# Orient Express - more saddness.



## pimanjc (Jan 2, 2008)

According to the below link, today is the last run of the Orient Express, from Paris to Instanbul. I always had the ambition of taking that route after the wife retires. Saddness, as another historic passenger train bites the dust.

Orient Express demise
JimC.


----------



## Dave F (Jan 2, 2008)

WIth something as iconic as the Orient Express I can't help but believe that it'll be around in one form or another. I'm sure they'll end up running "specials" or excursion tours on occasion.


----------



## Martin Goller (Feb 12, 2008)

The one you want to ride, is the classic luxury train. And that one, I believe, you can still do... 
http://www.orient-express.com/colle...trains.jsp


The actual Orient Express was on the verge of being shut down since the 1980s when wide body charter planes hauled tourists to Turkey and Greece, and the coastal highway throu then Yugoslavia was improved. 

Martin


----------



## Steve Stockham (Jan 2, 2008)

Well, whatever "Orient Express" it is, it's closing is sad....and also a sign of the consequences of this economic downturn. Patsy and I wanted to ride the "American Orient Express" that ran through five National Parks on it's journey. It would have replaced a cruise but alas it, too, is now gone...


----------



## StanleyAmes (Jan 3, 2008)

You can still travel via train from Paris to Instanbul. And the clasical luxury train is still inoperation. 

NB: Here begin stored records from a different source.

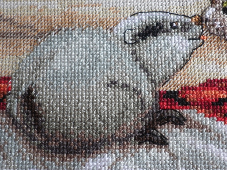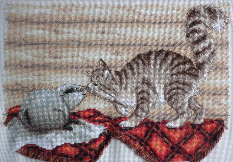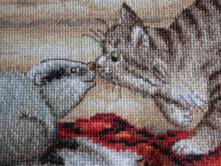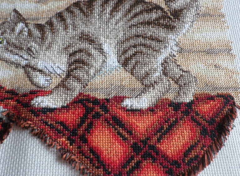 В состав набора входит канва Аида16,размер 20*30 см, 24 оттенка мулине. Фон вышивается полукрестом в 1 нить,сам сюжет крестом в 2 нити. +бэк,несколько фрузелков и бахрома на пледике)
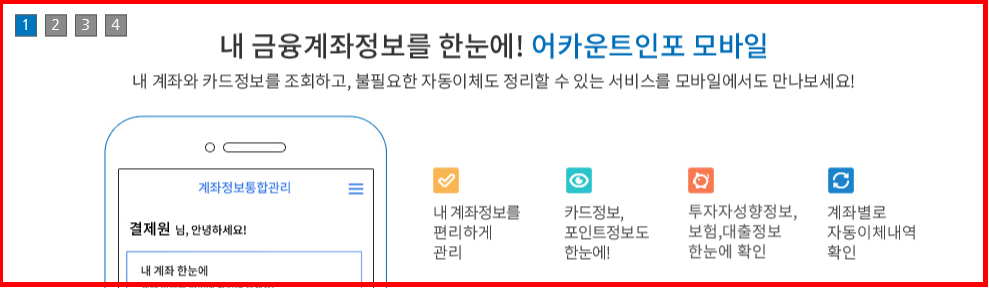 A. 어카운트인포 앱 또는 거래 은행의 모바일 앱에서 가능합니다.
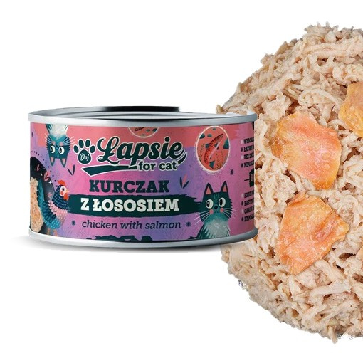 ŁAPSIE FOR CAT MOKRA KARMA DLA KOTA KURCZAK Z ŁOSOSIEM W BULIONIE PUSZKA 12x80g
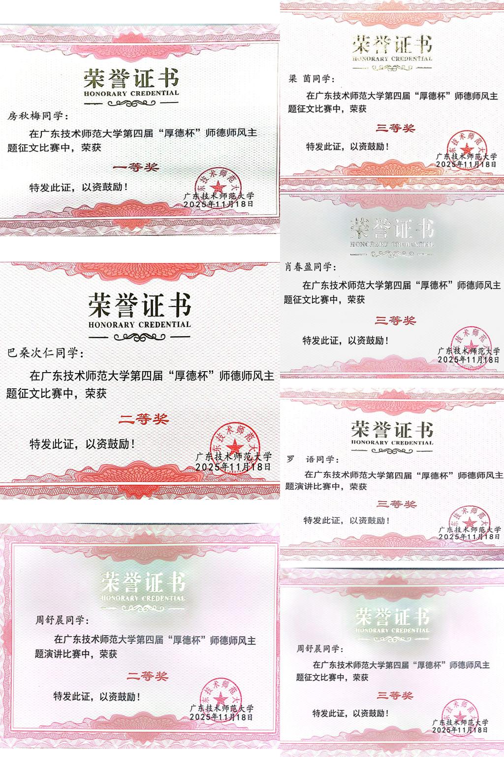 在各赛道的角逐中,学院师生凭借扎实功底与深刻师德理解斩获佳绩。教师组方面,吴松、陈逸珺老师合作的《以德树人,薪火相传——弘扬教育精神之风,铸就教育强国之魂》获师德微视频三等奖;陈逸珺老师的《教师何为,学生何好:师德视野下的辅导员角色再思考》获师德征文三等奖。学生组方面,征文赛道中,房秋梅同学《师者“仁爱”:照亮学生成长的那束光》获一等奖,巴桑次仁同学《以德为炬,照亮成长路》获二等奖,肖春盈同学《以青春之名,铸教育之魂》、梁茵同学《当“Z 世代”师范生日遇师德:在多元价值观中锚定教育初心》、周舒晨同学《厚道载物,师道永续》获得三等奖;演讲赛道中,周舒晨同学《承师者风范,谱青春诗篇》获二等奖,罗语同学《一句普通话,一个世界的链接》获三等奖。
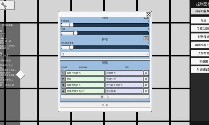 5:在基因编辑界面,进一步设置细胞的“喷射”“纤毛”属性,以及“智能”行为的优先级和触发条件,如周围存在敌人时远离或攻击,同类密度情况等,完成后点击“创建”生成新基因,推动生物演化。
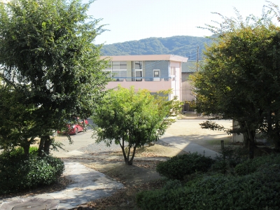 本校のシンボルツリーと言える2本のクスノキ「楠、樟」が左右に見えます。
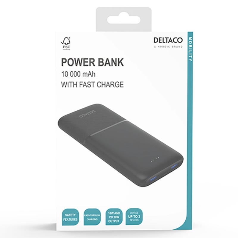 • Deltaco 10000mAh Powerbank - tragbares Ladegerät mit 20-W-USB-C-PD- und zwei 18-W-USB-A-Schnellladeanschlüssen
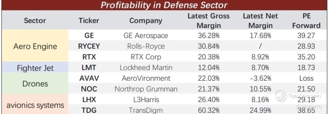 In contrast, while $Lockheed Martin (LMT.US)$ is the most renowned in the defense sector with the largest revenue, its profit margins as a prime contractor for numerous projects are not particularly high. Consequently, the market values LMT at less than 20 times PE, while engine and avionics system companies command higher valuation premiums.
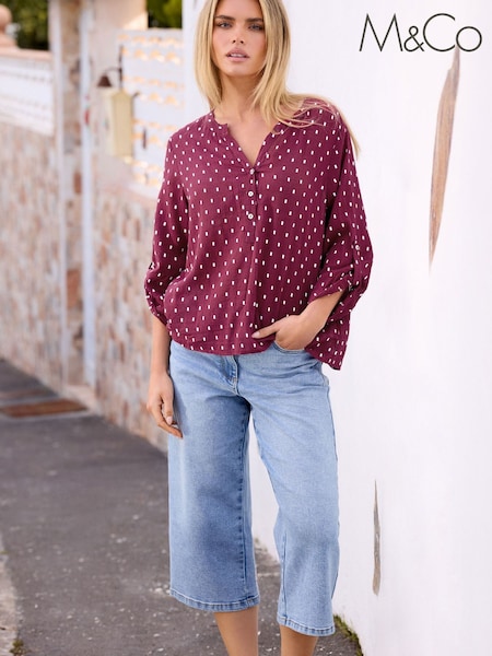 M&Co Purple Petite Notch Neck Long Sleeve Dobby Shirt
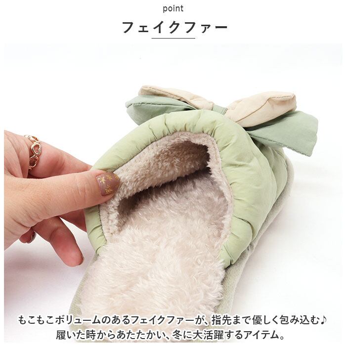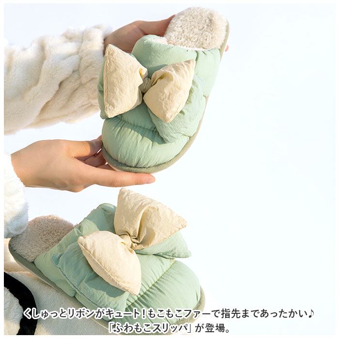 ・くしゅっとリボンがキュート!もこもこファーで指先まであったかい♪「ふわもこスリッパ」が登場。
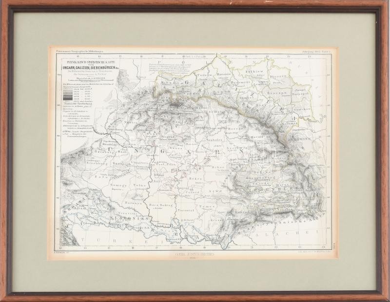 Leírás: 1862 Magyarország, Galícia, Erdély, Bukovina, Horvátország és Szlavónia térképe. Üvegezett, fakeretben. 19x24,5 cm
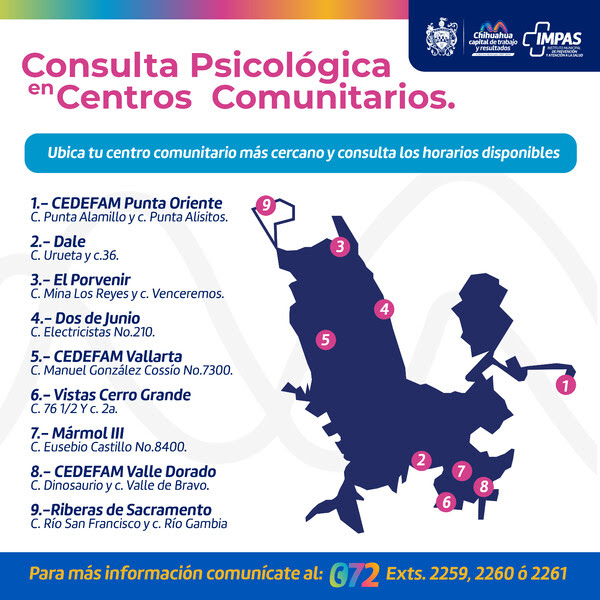 Para mejorar el bienestar emocional de las familias chihuahuenses y facilitar el acceso a servicios de salud mental, el Gobierno Municipal de Chihuahua, a través del Instituto Municipal de Prevención y Atención a la Salud (IMPAS), ha puesto a disposición consultas psicológicas gratuitas en varios puntos de la ciudad.

What was canceled is the train with no connections from Paris to Instanbul. The reason was high speed rail. The TGV now goes from Paris to Stuggart and the interduction of high speed rail for the first portion of the trip has resulted in the slower Instanbul train now connecting to the higher speed rail rather then trying to compete over a good portion of the trip. 

Alas the trip now takes two connections but the bulk of the time is still on one train. 

Stan Ames


----------